• ASSIGNMENT:
Using the data below, return the stretch from the line that contains "Craftsmanship & Quality" through the line that contains "Nog even een", both included, exactly as it stands and nothing beyond it.

──────── MATERIAL PROVIDED ────────

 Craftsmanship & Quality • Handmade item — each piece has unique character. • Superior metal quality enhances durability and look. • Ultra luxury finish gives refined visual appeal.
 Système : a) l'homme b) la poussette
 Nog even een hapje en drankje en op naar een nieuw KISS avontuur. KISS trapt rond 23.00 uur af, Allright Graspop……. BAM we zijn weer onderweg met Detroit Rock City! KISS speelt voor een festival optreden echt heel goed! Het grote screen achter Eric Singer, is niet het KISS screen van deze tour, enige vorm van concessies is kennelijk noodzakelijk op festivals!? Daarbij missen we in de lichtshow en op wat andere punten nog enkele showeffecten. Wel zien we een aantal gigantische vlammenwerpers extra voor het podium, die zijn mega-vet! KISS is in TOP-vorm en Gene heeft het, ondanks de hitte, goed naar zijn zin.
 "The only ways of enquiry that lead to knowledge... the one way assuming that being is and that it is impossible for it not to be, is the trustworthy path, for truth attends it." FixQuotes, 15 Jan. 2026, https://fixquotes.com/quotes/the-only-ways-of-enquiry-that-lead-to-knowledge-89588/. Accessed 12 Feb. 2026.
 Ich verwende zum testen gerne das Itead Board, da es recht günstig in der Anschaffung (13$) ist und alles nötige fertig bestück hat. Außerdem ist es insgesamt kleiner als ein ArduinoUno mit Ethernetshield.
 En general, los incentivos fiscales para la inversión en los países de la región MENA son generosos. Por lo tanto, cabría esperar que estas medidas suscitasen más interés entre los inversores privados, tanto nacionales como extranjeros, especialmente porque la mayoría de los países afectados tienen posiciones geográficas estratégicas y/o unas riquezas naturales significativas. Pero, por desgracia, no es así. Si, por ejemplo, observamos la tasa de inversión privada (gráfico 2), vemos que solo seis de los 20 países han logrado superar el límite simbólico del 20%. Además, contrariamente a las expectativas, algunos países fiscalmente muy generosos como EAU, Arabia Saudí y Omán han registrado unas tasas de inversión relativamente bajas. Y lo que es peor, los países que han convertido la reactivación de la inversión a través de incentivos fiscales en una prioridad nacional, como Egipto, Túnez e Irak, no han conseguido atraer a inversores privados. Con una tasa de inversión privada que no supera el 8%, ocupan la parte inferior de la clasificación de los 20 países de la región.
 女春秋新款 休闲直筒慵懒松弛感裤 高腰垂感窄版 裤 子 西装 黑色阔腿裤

────────
──────── MATERIAL PROVIDED ────────

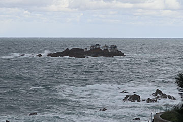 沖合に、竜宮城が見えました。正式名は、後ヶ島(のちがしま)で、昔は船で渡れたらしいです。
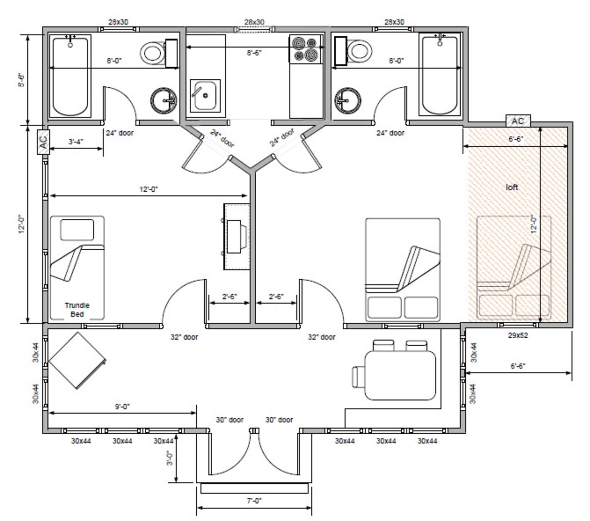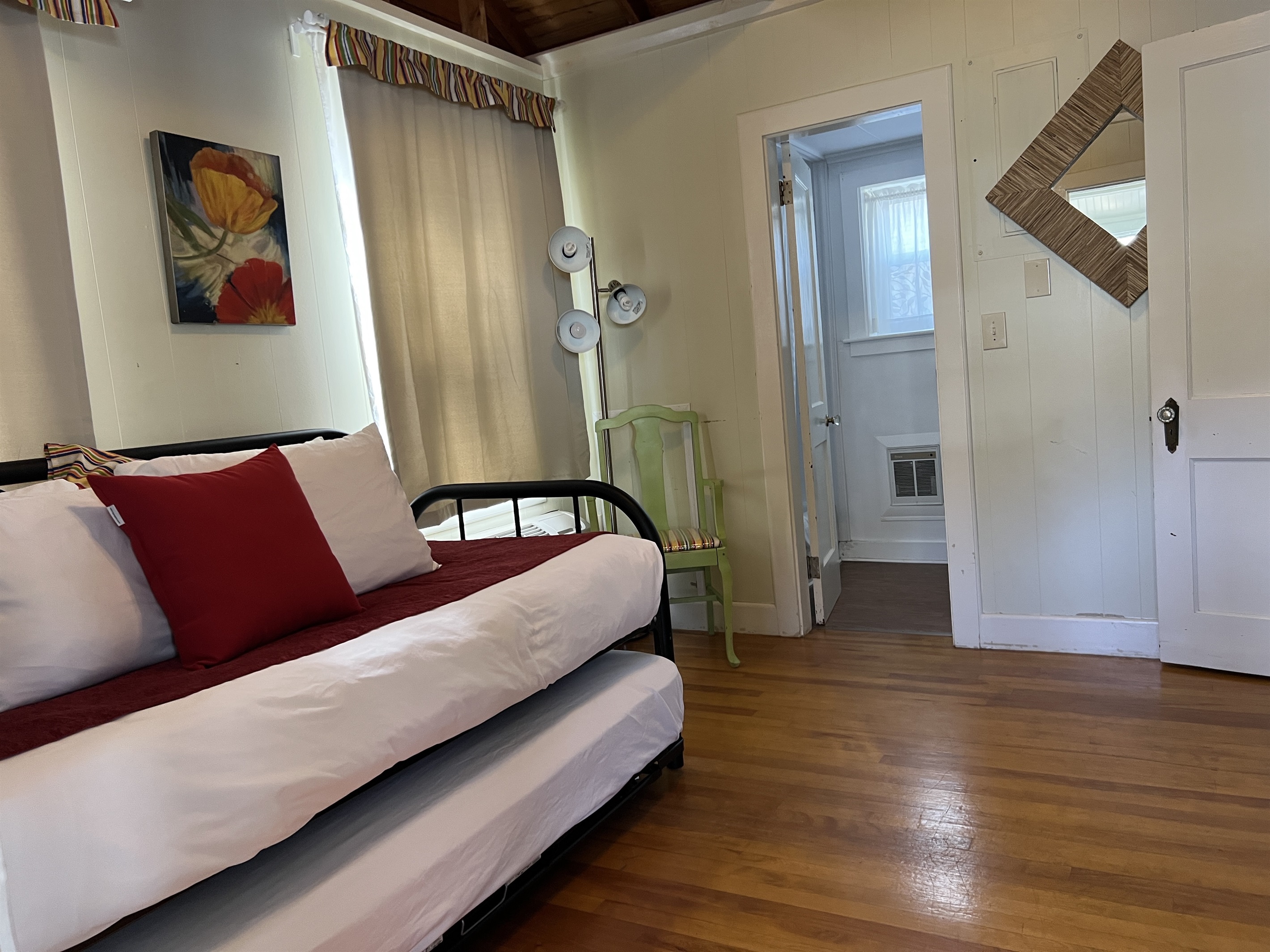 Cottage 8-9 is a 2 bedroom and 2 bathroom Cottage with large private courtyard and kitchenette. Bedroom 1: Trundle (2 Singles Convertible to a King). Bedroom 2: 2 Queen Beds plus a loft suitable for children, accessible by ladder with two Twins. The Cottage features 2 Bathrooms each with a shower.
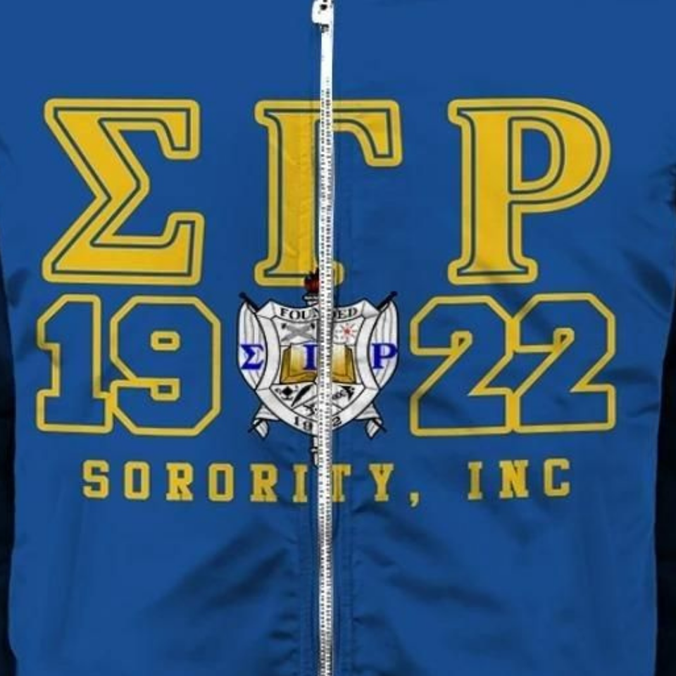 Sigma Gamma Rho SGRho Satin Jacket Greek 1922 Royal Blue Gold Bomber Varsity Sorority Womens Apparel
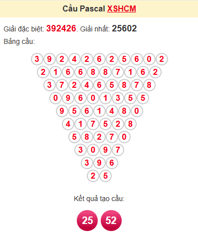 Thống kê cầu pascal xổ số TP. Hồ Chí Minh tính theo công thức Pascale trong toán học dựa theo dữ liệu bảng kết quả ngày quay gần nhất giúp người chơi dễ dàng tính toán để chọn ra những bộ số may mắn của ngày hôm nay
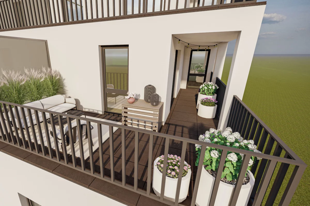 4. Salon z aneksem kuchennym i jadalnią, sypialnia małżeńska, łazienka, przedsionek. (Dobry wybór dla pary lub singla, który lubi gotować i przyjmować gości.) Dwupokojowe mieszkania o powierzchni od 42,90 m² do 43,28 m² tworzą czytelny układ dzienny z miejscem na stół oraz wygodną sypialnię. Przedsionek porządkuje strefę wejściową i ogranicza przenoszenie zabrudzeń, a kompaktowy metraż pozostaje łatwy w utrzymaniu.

────────

• TASK RESULT:
 Craftsmanship & Quality • Handmade item — each piece has unique character. • Superior metal quality enhances durability and look. • Ultra luxury finish gives refined visual appeal.
 Système : a) l'homme b) la poussette
 Nog even een hapje en drankje en op naar een nieuw KISS avontuur. KISS trapt rond 23.00 uur af, Allright Graspop……. BAM we zijn weer onderweg met Detroit Rock City! KISS speelt voor een festival optreden echt heel goed! Het grote screen achter Eric Singer, is niet het KISS screen van deze tour, enige vorm van concessies is kennelijk noodzakelijk op festivals!? Daarbij missen we in de lichtshow en op wat andere punten nog enkele showeffecten. Wel zien we een aantal gigantische vlammenwerpers extra voor het podium, die zijn mega-vet! KISS is in TOP-vorm en Gene heeft het, ondanks de hitte, goed naar zijn zin.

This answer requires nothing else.